Please return the full listing exactly as written, with the images removed.

**Supplied information**
Start of Block
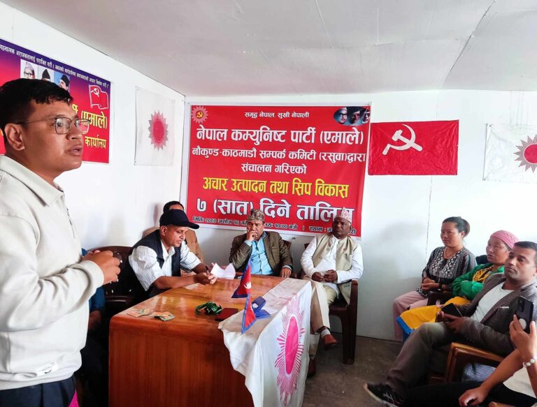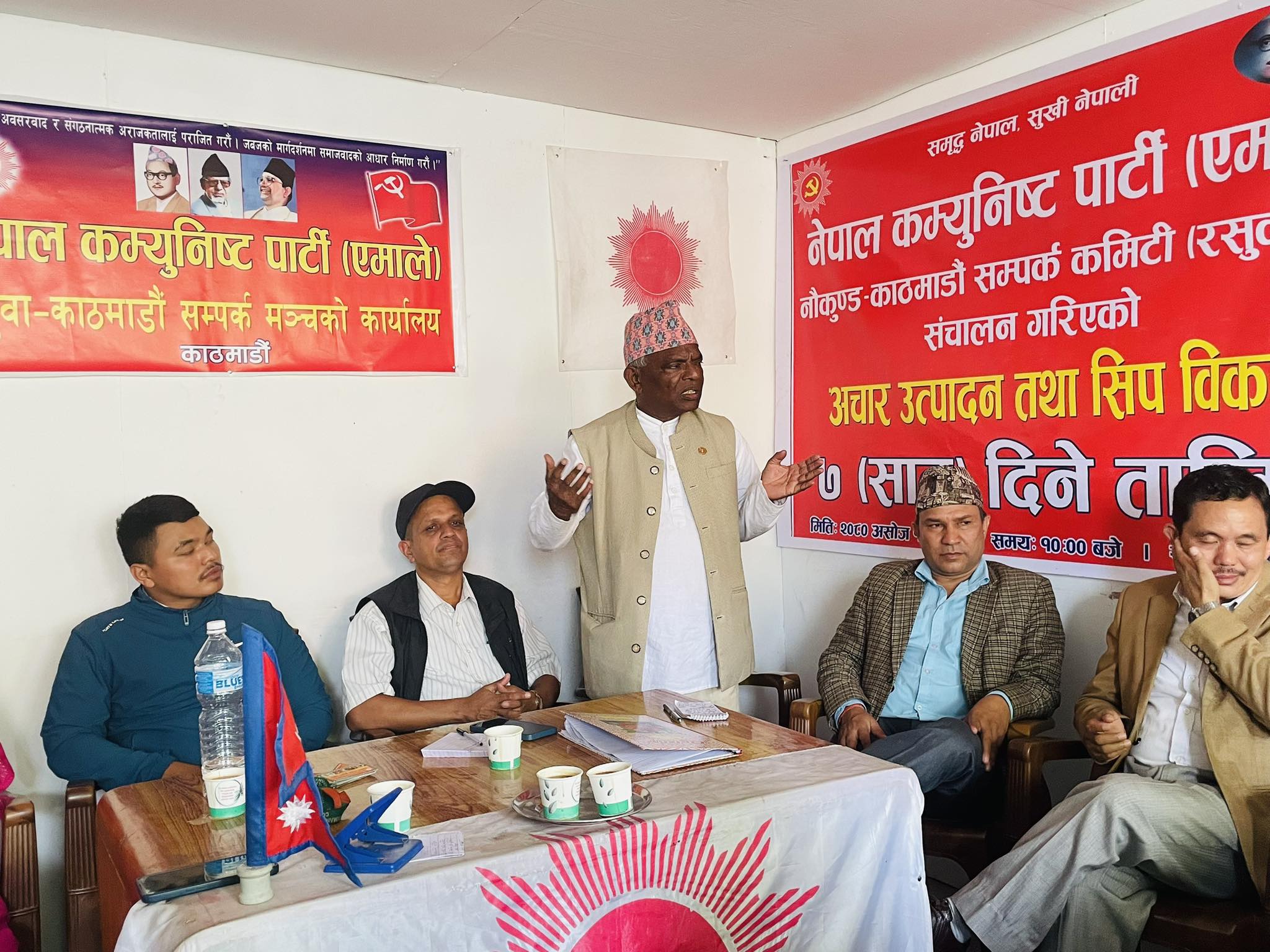 नेकपा एमालेले समाजवाद उन्मुख अर्थतन्त्र निर्माणमा यूवालाई सहभागी गराउनुपर्नेमा जोडदिदै नेकपा एमालेका पुर्वमन्त्री एवं स्थायी कमिटी सदस्य लालबाबु पण्डितले अचार उत्पादन तालिमको उदघाट्न गरेका थिए । ‘सीप सिकौं, स्वदेशमै आत्मनिर्भर बनौं ‘ भन्ने नाराका साथ सुरुभएको तालिममा नौकुण्ड गाउँपालिकाबाट काठमाण्डौ बसोबास गर्ने २०जना सहभागी रहेको नौकुण्ड काठमाडौं सम्पर्क कमिटीका अध्यक्ष शरण ग्याम्देनले बताए । नौकुण्ड गाउँपालिकाबाट बैदेशिक रोजगारका लागि विदेश जाने यूवा समूहलाई रोक्न र देशमै रोजगार सिर्जना गर्न एमालेले महत्वपूर्ण भुमिका निर्वाह गर्दै यस्ता सिपमुलक तालिमहरु गर्दै जाने नेकपा एमाले रसुवा जिल्ला कमिटी सदस्य डिल्लीराज तामाङले बताएका छन् ।
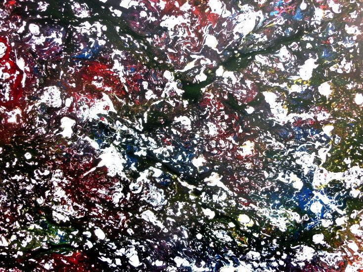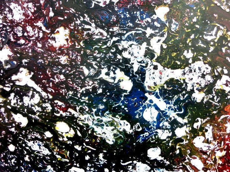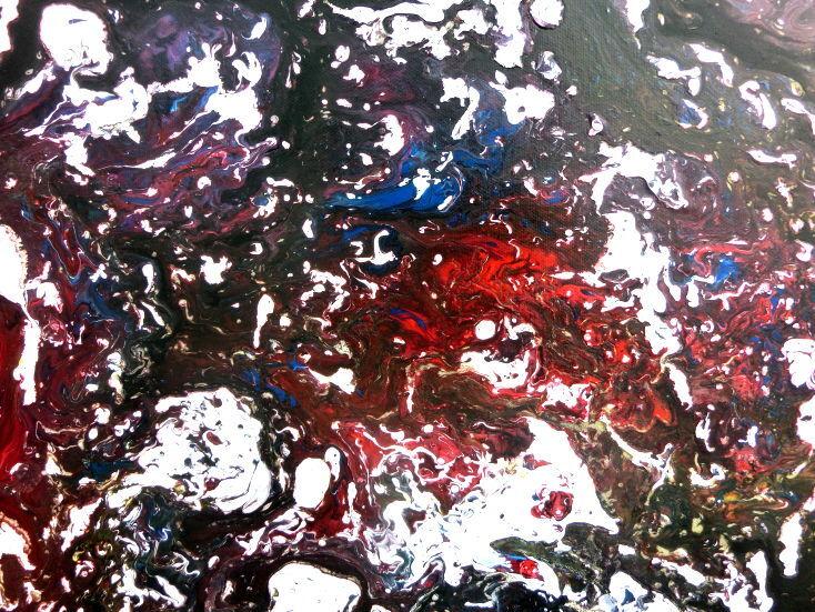 Dieses Werk ist wie alle meine Bilder: spontan entstanden, ganz intuitiv und ohne festes Konzept, und spiegelt oft meine momentane Stimmung wider wie auf der Leinwand festgehalten wurde.
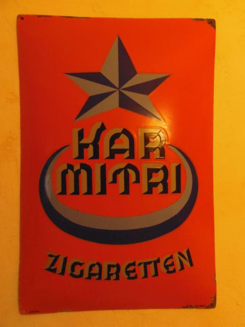 Meines Erachtens nach immer noch eines der am stärksten unterbewerteten Schilder. Karmitri Zigaretten, Entwurf Lucian Bernhard um 1920. Aus seiner Feder stammen berühmte Entwürfe für Bosch, Osram, Manoli, Opel, Adler, …
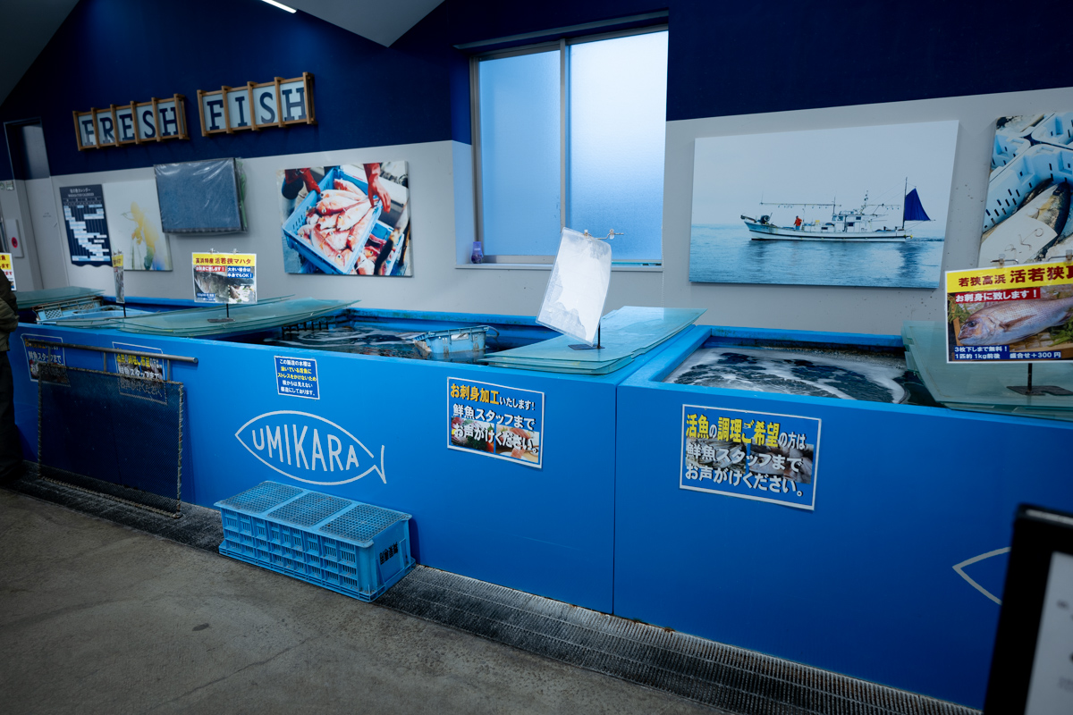 「UMIKARA」は高浜漁港の隣にあるのだが、水槽の魚はそこから来ているらしい。港町のローカルスーパーの強みだ。これらの魚は、そりゃあ美味いことだろう。
End of Block
**Solution**
 नेकपा एमालेले समाजवाद उन्मुख अर्थतन्त्र निर्माणमा यूवालाई सहभागी गराउनुपर्नेमा जोडदिदै नेकपा एमालेका पुर्वमन्त्री एवं स्थायी कमिटी सदस्य लालबाबु पण्डितले अचार उत्पादन तालिमको उदघाट्न गरेका थिए । ‘सीप सिकौं, स्वदेशमै आत्मनिर्भर बनौं ‘ भन्ने नाराका साथ सुरुभएको तालिममा नौकुण्ड गाउँपालिकाबाट काठमाण्डौ बसोबास गर्ने २०जना सहभागी रहेको नौकुण्ड काठमाडौं सम्पर्क कमिटीका अध्यक्ष शरण ग्याम्देनले बताए । नौकुण्ड गाउँपालिकाबाट बैदेशिक रोजगारका लागि विदेश जाने यूवा समूहलाई रोक्न र देशमै रोजगार सिर्जना गर्न एमालेले महत्वपूर्ण भुमिका निर्वाह गर्दै यस्ता सिपमुलक तालिमहरु गर्दै जाने नेकपा एमाले रसुवा जिल्ला कमिटी सदस्य डिल्लीराज तामाङले बताएका छन् ।
 Dieses Werk ist wie alle meine Bilder: spontan entstanden, ganz intuitiv und ohne festes Konzept, und spiegelt oft meine momentane Stimmung wider wie auf der Leinwand festgehalten wurde.
 Meines Erachtens nach immer noch eines der am stärksten unterbewerteten Schilder. Karmitri Zigaretten, Entwurf Lucian Bernhard um 1920. Aus seiner Feder stammen berühmte Entwürfe für Bosch, Osram, Manoli, Opel, Adler, …
 「UMIKARA」は高浜漁港の隣にあるのだが、水槽の魚はそこから来ているらしい。港町のローカルスーパーの強みだ。これらの魚は、そりゃあ美味いことだろう。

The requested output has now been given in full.